In 1974, he became a lecturer at the Institute of International Relations, University of Warsaw; since 2013, as emeritus. Visiting professor to several universities in the United States, Canada and Syria. Professor and Dean of the Faculty of Social Science and Administration at the Warsaw Academy of Computer Science and Administration (2005–2018). He has been specializing on international public law, international terrorism, protection of ethnic minorities in Europe, disarmament, international relations in Far East.

== Public career ==
Between 1955 and 2005 Pawlak was working for the Ministry of Foreign Affairs. He was member of Polish component of the Neutral Nations Supervisory Commission in Panmunjom, Korea (1956–1958), Attaché and Second Secretary at the embassy in Tokyo, Japan (1958–1963), deputy chief of the Polish delegation to the International Control Commission, Saigon, Vietnam (1965–1966); First Secretary at the embassy in Washington, the United States of America (1967–1970). From 1978 to 1983 Pawlak served as ambassador to Canada, from 1989 to 1991 he was permanent representative to the United Nations in New York. He was also ambassador to Syrian Arab Republic, additionally accredited to Hashemite Kingdom of Jordan (1996–2001). He was Polish Representative to the UN General Assembly (1973–1978, 1983–1990, 2002–2005), the Steering Committee for Human Rights, Council of Europe (1992–1995), as well. At the Ministry he was holding several important posts, e.g. deputy director of Minister's Office (1973–1975), director of the Department of International Organizations (1975–1978, 1986–1989), director of the Legal and Treaty Department (1983–1986). He headed several delegations: on delimiting Polish maritime boundary with East Germany or Soviet Union, among others. From 2001 to 2005 he was foreign policy advisor to the president Aleksander Kwaśniewski. Since 2002 Titular Ambassador.

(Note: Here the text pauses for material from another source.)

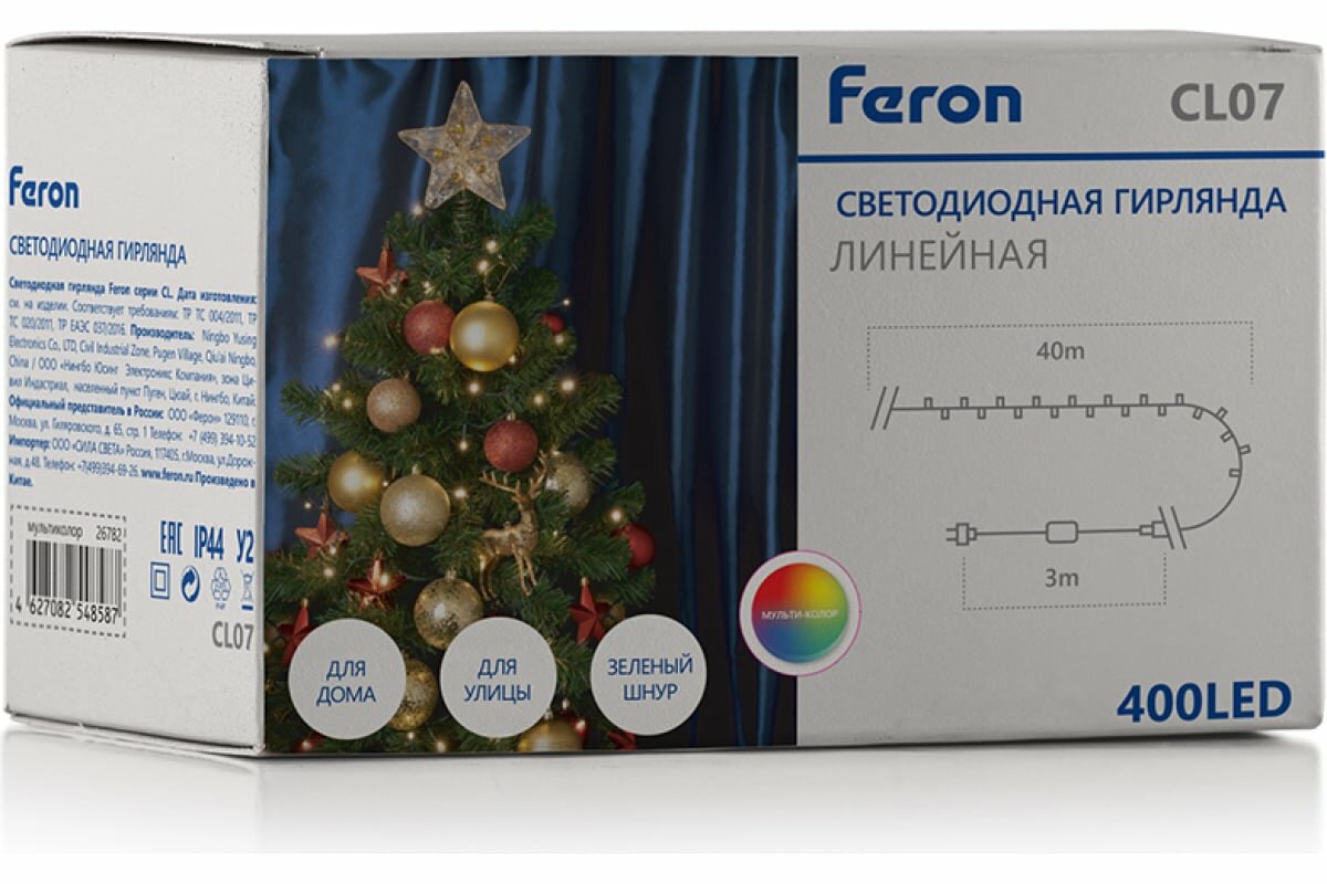 Светодиодная гирлянда Feron CL07 линейная 24V разноцветная c питанием от сети

He has been member of the Union of Polish Youth (1948–1955) and of the Polish United Workers' Party (1952–1990), the International Law Commission (1987–1991), Polish Legislative Council (1983–1989), Polish Institute of International Affairs Council (1983–1989), Commission on Law of the Sea, Polish Academy of Sciences.

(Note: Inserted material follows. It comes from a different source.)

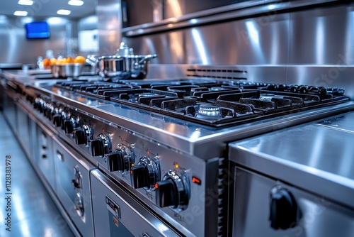 Stainless steel professional kitchen featuring sleek appliances and a clean design.

On 1 October 2005 he became judge of the International Tribunal for the Law of the Sea. In 2014, he was chosen for another 9-year term. Since October 2017 President of the Chamber for Marine Environment Disputes Among cases he ruled was Philippines v. China (2016). He ended his term at the Tribunal on 30 September 2023.

== Honours ==

- Order of the Rising Sun, 3rd Class, Gold Rays with Neck Ribbon, Japan (2021)
- Commander of the Order of Polonia Restituta, Poland (2005)
- Officer of the Order of Polonia Restituta, Poland (1985)
- Gold Cross of Merit, Poland (1974)

== Selected works ==

- Okinawa, wyd. MON, Warszawa: Wydawnictwo MON, 1972, .
- Polityka Stanów Zjednoczonych wobec Chin 1941–1955, Warszawa: PWN, 1973, .
- Polityka Stanów Zjednoczonych wobec Chin 1956–1978, Warszawa: PWN, 1982, ISBN 8301031611.
- Ochrona mniejszości narodowych w Europie, Warszawa: SCHOLAR_{,} 2001, ISBN 83-88495-26-7.
- Publikacje i dokumenty z lat 1962–2012 : (wybór), Warszawa: Sowa, 2013, ISBN 9788364033216.